RECORDED INFORMATION
=== Begin Enclosure ===

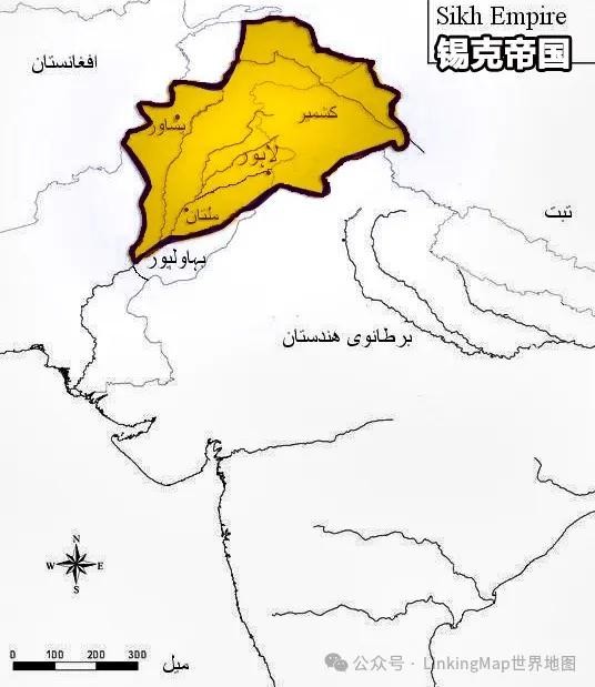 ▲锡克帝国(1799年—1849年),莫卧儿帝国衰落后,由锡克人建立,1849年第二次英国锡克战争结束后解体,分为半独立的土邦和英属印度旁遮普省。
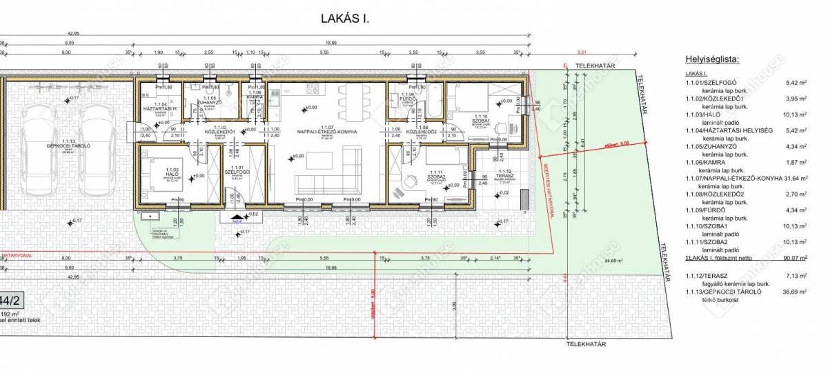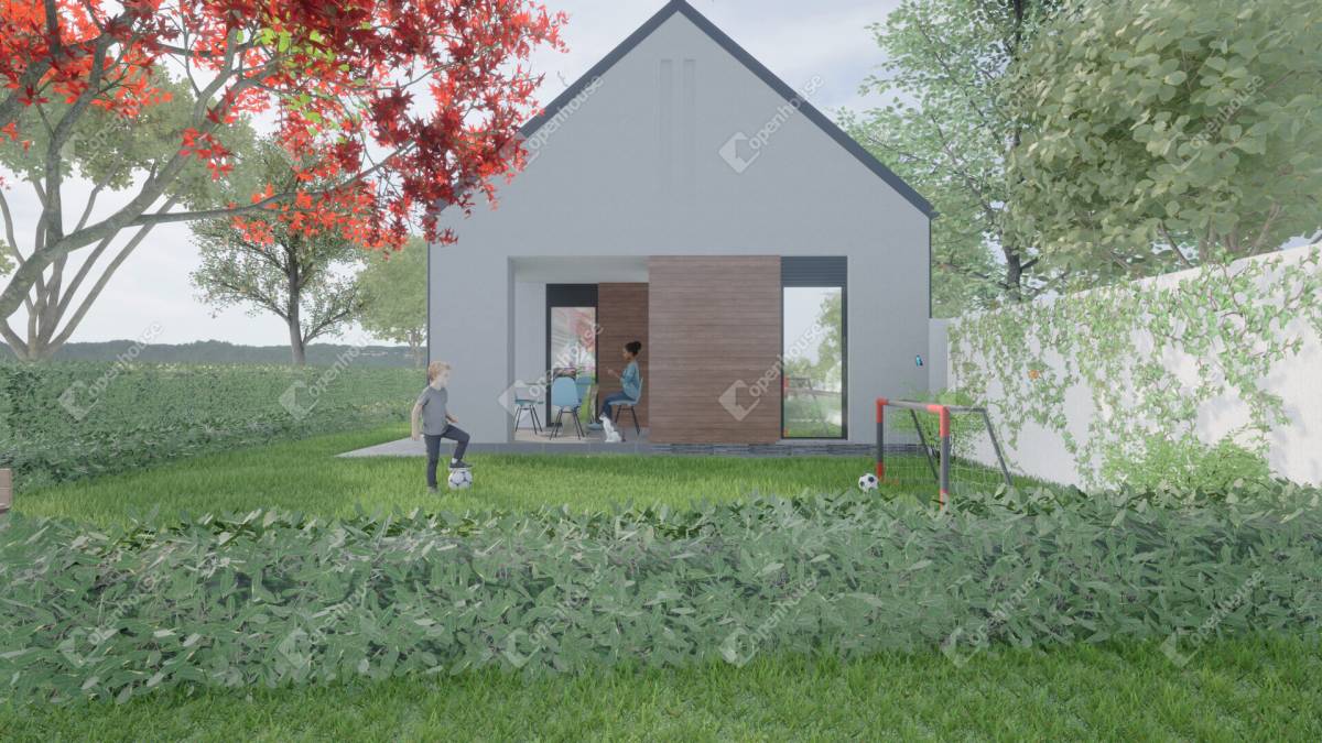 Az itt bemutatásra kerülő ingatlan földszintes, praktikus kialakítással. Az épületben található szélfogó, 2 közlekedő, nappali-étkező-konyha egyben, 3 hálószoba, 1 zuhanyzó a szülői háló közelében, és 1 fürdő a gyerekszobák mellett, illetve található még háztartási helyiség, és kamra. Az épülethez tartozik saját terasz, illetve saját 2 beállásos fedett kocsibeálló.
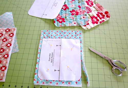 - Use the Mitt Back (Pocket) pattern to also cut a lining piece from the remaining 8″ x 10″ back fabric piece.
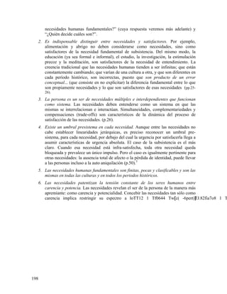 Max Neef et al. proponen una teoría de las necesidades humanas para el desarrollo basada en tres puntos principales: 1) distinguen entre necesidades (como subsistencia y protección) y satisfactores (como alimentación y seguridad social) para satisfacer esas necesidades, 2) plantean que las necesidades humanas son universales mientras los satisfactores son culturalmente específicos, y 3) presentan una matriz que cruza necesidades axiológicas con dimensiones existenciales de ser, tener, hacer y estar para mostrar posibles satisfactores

=== End Enclosure ===
=== Begin Enclosure ===

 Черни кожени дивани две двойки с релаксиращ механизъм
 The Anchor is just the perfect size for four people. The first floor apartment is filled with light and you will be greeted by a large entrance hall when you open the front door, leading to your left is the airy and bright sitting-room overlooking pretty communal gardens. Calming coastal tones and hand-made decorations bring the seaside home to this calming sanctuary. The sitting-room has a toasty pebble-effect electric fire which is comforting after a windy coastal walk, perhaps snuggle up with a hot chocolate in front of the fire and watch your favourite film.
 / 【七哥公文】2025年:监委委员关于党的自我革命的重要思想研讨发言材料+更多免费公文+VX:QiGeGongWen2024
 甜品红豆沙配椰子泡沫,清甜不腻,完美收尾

=== End Enclosure ===
=== Begin Enclosure ===

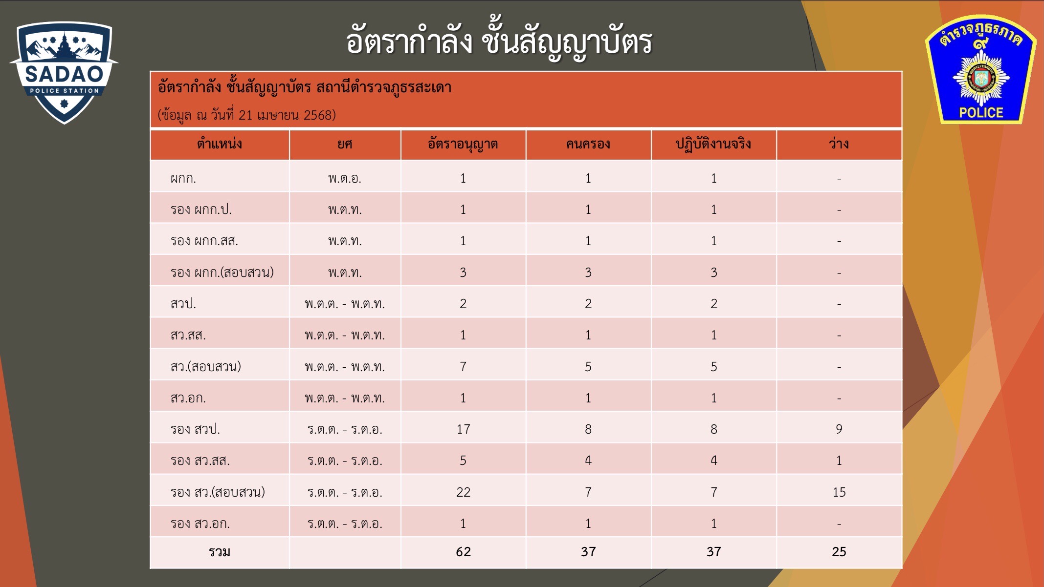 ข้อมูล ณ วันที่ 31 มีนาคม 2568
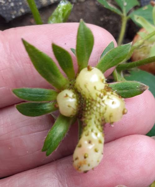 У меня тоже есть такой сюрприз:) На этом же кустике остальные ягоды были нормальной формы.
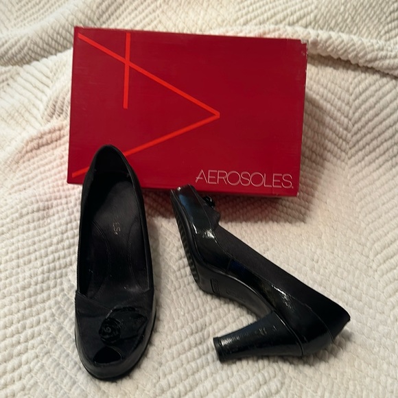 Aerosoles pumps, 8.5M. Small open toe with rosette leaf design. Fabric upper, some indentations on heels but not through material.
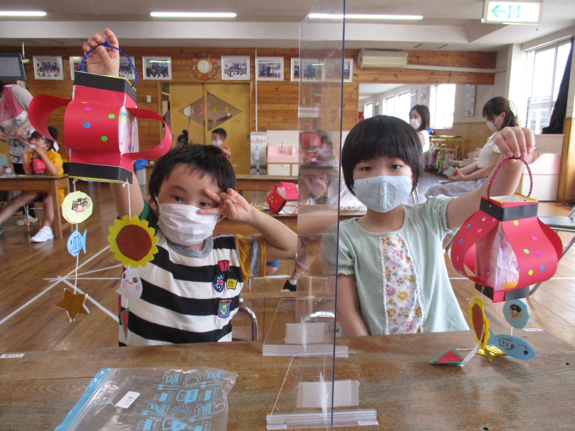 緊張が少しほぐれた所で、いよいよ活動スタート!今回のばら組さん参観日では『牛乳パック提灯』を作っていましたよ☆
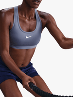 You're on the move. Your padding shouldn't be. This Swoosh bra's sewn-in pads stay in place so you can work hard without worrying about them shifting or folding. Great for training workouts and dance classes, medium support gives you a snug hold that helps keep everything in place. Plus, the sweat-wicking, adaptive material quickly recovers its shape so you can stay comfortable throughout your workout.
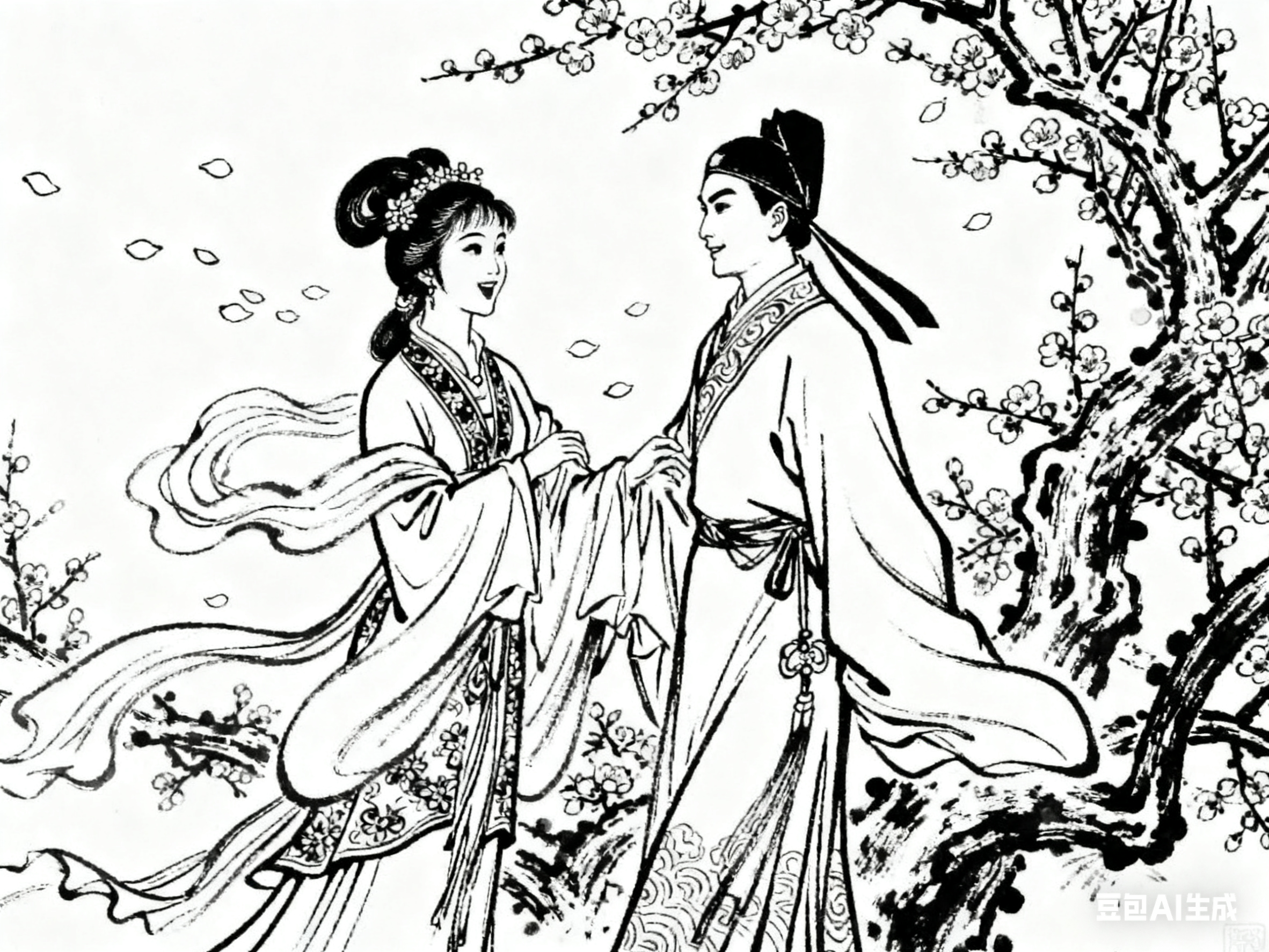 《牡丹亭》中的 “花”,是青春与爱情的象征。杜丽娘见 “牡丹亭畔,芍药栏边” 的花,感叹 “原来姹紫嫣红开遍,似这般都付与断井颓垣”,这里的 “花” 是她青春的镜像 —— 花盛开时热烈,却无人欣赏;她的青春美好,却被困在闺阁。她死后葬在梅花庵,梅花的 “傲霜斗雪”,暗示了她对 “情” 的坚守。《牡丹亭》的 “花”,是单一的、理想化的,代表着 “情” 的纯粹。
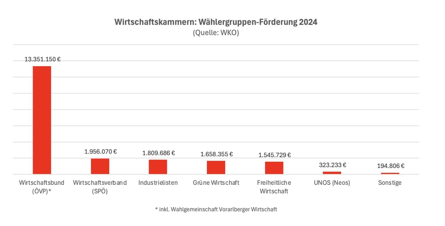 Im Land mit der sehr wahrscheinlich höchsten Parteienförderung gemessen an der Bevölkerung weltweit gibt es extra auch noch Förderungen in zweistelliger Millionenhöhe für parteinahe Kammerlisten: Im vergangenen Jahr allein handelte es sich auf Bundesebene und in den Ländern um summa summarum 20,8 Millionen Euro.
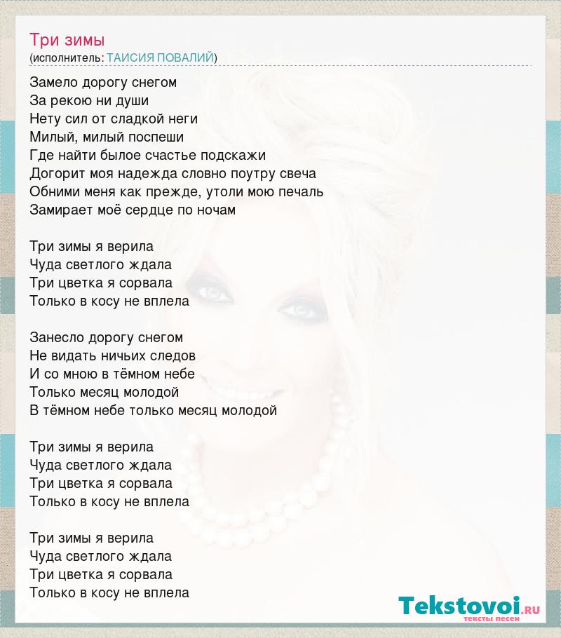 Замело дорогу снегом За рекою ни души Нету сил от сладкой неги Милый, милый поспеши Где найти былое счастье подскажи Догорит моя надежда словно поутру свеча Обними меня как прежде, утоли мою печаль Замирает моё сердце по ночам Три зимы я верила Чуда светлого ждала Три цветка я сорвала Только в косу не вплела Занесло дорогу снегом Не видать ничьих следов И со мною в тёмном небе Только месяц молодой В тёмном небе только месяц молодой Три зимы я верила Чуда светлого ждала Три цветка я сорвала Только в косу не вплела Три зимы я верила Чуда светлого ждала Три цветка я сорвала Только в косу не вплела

=== End Enclosure ===

WHAT NEEDS TO BE DONE
Working from the data above, repeat exactly, and only, the lines that begin at the line containing "Az itt bemutatásra" and stop after the line containing "- Use the Mitt"; pictures are not copied.

EXERCISE SOLUTION
 Az itt bemutatásra kerülő ingatlan földszintes, praktikus kialakítással. Az épületben található szélfogó, 2 közlekedő, nappali-étkező-konyha egyben, 3 hálószoba, 1 zuhanyzó a szülői háló közelében, és 1 fürdő a gyerekszobák mellett, illetve található még háztartási helyiség, és kamra. Az épülethez tartozik saját terasz, illetve saját 2 beállásos fedett kocsibeálló.
 - Use the Mitt Back (Pocket) pattern to also cut a lining piece from the remaining 8″ x 10″ back fabric piece.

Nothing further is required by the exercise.